DATA SEGMENT:

*-*-*

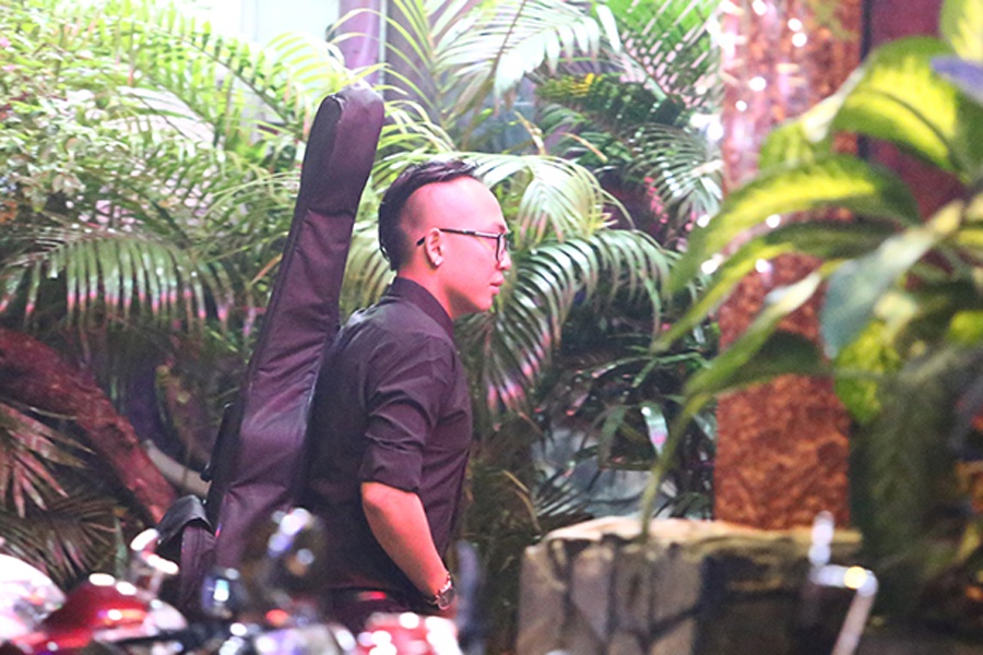 | Ít lâu sau đó, nhạc sĩ Nguyễn Hoàng Duy cũng có mặt. Anh đảm nhận vai trò đệm đàn cho The Men trong minishow. |
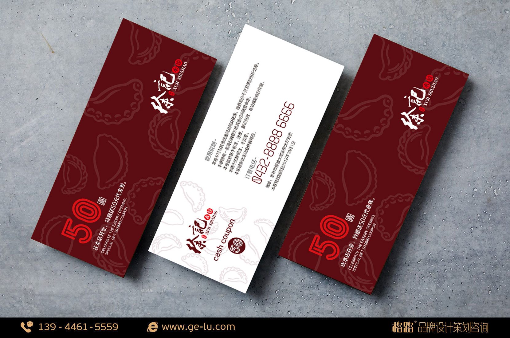徐(xu)記(ji)水(shui)餃(jiao)中(zhong)英(ying)文(wen)構(gou)成(cheng)標(biao)誌(zhi)的(de)核(he)心(xin)形(xing)象(xiang),蒼(cang)勁(jin)有(you)力(li)的(de)造(zao)型(xing)洋(yang)溢(yi)著(zhe)品(pin)牌(pai)淳(chun)樸(pu)憨(han)厚(hou)的(de)中(zhong)式(shi)文(wen)化(hua),配(pei)以(yi)宋(song)體(ti)字(zi)和(he)印(yin)章(zhang)造(zao)型(xing),傳(chuan)達(da)著(zhe)中(zhong)式(shi)文(wen)化(hua)與(yu)現(xian)代(dai)品(pin)味(wei)的(de)完(wan)美(mei)交(jiao)融(rong),飲(yin)食(shi)與(yu)文(wen)化(hua)聯(lian)姻(yin),簡(jian)潔(jie)大(da)方(fang),便(bian)於(yu)傳(chuan)達(da)、印象深刻。
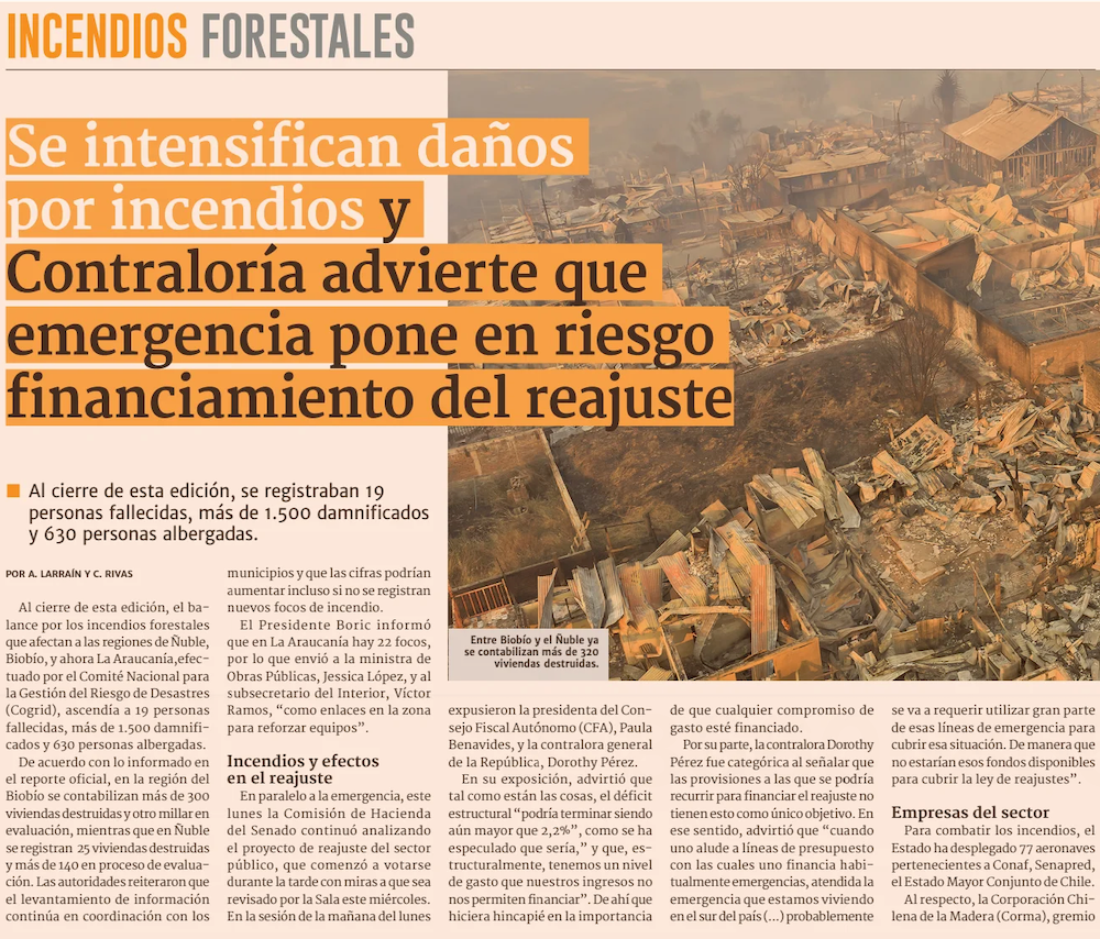 Incendios en el Biobío y Ñuble generan pérdidas iniciales por más de US$ 400 millones - (El Mercurio de Santiago)
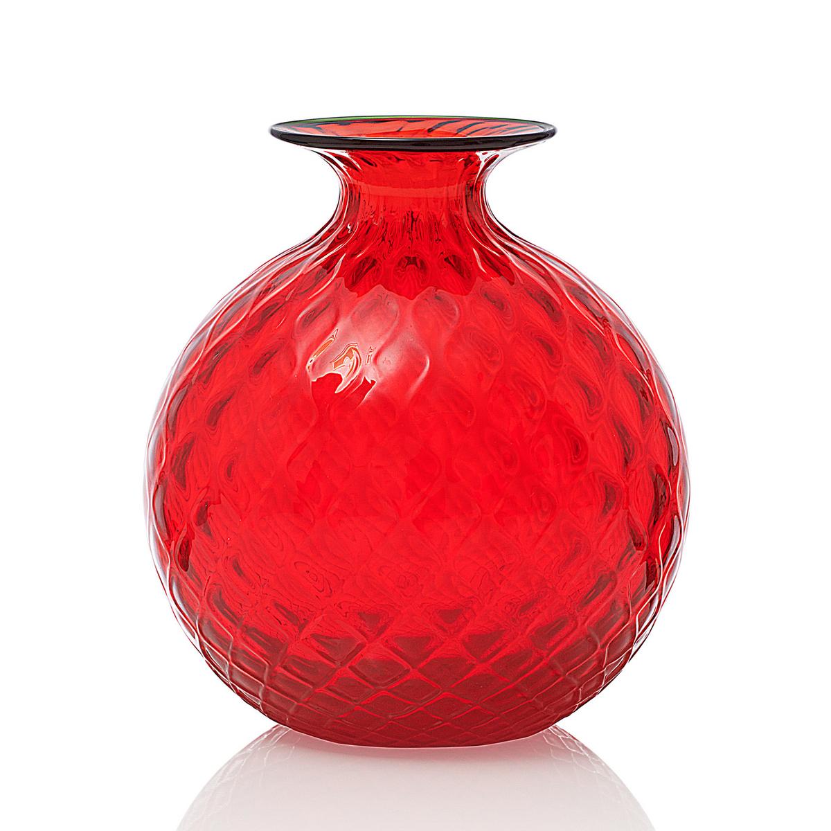 Die Vasen "Monofiori Balloton" in rot sind ein absoluter Klassiker aus dem Hause Venini. Als Erkennungszeichen für die bauchigen Muranoglas-Vasen dient die rote Linie am Vasenhals. Der farbige Glasring entsteht durch die sogenannte "Balloton" Technik. Dafür wird ein heißer Ring aus Glas auf den Glaskörper der Venini Vase "Monofiori Balloton" aufgetragen. Dieser bildet einen hübschen Kontrast zum kugelrunden Körper der Muranoglas Vase.

*-*-*

DIRECTIONS FOR THIS TASK:
Please restate the whole listing exactly, without any of its pictures.

RESULT:
 | Ít lâu sau đó, nhạc sĩ Nguyễn Hoàng Duy cũng có mặt. Anh đảm nhận vai trò đệm đàn cho The Men trong minishow. |
徐(xu)記(ji)水(shui)餃(jiao)中(zhong)英(ying)文(wen)構(gou)成(cheng)標(biao)誌(zhi)的(de)核(he)心(xin)形(xing)象(xiang),蒼(cang)勁(jin)有(you)力(li)的(de)造(zao)型(xing)洋(yang)溢(yi)著(zhe)品(pin)牌(pai)淳(chun)樸(pu)憨(han)厚(hou)的(de)中(zhong)式(shi)文(wen)化(hua),配(pei)以(yi)宋(song)體(ti)字(zi)和(he)印(yin)章(zhang)造(zao)型(xing),傳(chuan)達(da)著(zhe)中(zhong)式(shi)文(wen)化(hua)與(yu)現(xian)代(dai)品(pin)味(wei)的(de)完(wan)美(mei)交(jiao)融(rong),飲(yin)食(shi)與(yu)文(wen)化(hua)聯(lian)姻(yin),簡(jian)潔(jie)大(da)方(fang),便(bian)於(yu)傳(chuan)達(da)、印象深刻。
 Incendios en el Biobío y Ñuble generan pérdidas iniciales por más de US$ 400 millones - (El Mercurio de Santiago)
 Die Vasen "Monofiori Balloton" in rot sind ein absoluter Klassiker aus dem Hause Venini. Als Erkennungszeichen für die bauchigen Muranoglas-Vasen dient die rote Linie am Vasenhals. Der farbige Glasring entsteht durch die sogenannte "Balloton" Technik. Dafür wird ein heißer Ring aus Glas auf den Glaskörper der Venini Vase "Monofiori Balloton" aufgetragen. Dieser bildet einen hübschen Kontrast zum kugelrunden Körper der Muranoglas Vase.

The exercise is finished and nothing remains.